> _Data segment_:
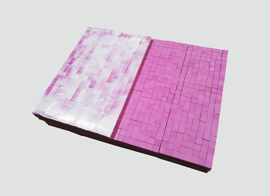 直粘型耐磨陶瓷衬板(NMC-Z)是先将耐磨陶瓷片粘贴在胶纸上,形成不同大小的陶瓷衬板。使用时再用无机耐高温粘合剂(GWJ-350)直接粘贴在设备内壁,经固化后形成牢固防磨层。
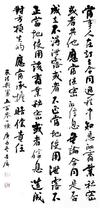 民法典第五百零一條 當(dāng)事人在訂立合同過(guò)程中知悉的商業(yè)秘密或者其他應(yīng)當(dāng)保密的信息,無(wú)論合同是否成立,不得泄露或者不正當(dāng)?shù)厥褂?;泄露、不正?dāng)?shù)厥褂迷撋虡I(yè)秘密或者信息,造成對(duì)方損失的,應(yīng)當(dāng)承擔(dān)賠償責(zé)任。
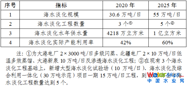 天津市“十四五”時期海水淡化產(chǎn)業(yè)發(fā)展主要指標(biāo)

> _Task to carry out_:
Return the lines above exactly; the images are not part of the copy.

> _Written reply_:
 直粘型耐磨陶瓷衬板(NMC-Z)是先将耐磨陶瓷片粘贴在胶纸上,形成不同大小的陶瓷衬板。使用时再用无机耐高温粘合剂(GWJ-350)直接粘贴在设备内壁,经固化后形成牢固防磨层。
 民法典第五百零一條 當(dāng)事人在訂立合同過(guò)程中知悉的商業(yè)秘密或者其他應(yīng)當(dāng)保密的信息,無(wú)論合同是否成立,不得泄露或者不正當(dāng)?shù)厥褂?;泄露、不正?dāng)?shù)厥褂迷撋虡I(yè)秘密或者信息,造成對(duì)方損失的,應(yīng)當(dāng)承擔(dān)賠償責(zé)任。
 天津市“十四五”時期海水淡化產(chǎn)業(yè)發(fā)展主要指標(biāo)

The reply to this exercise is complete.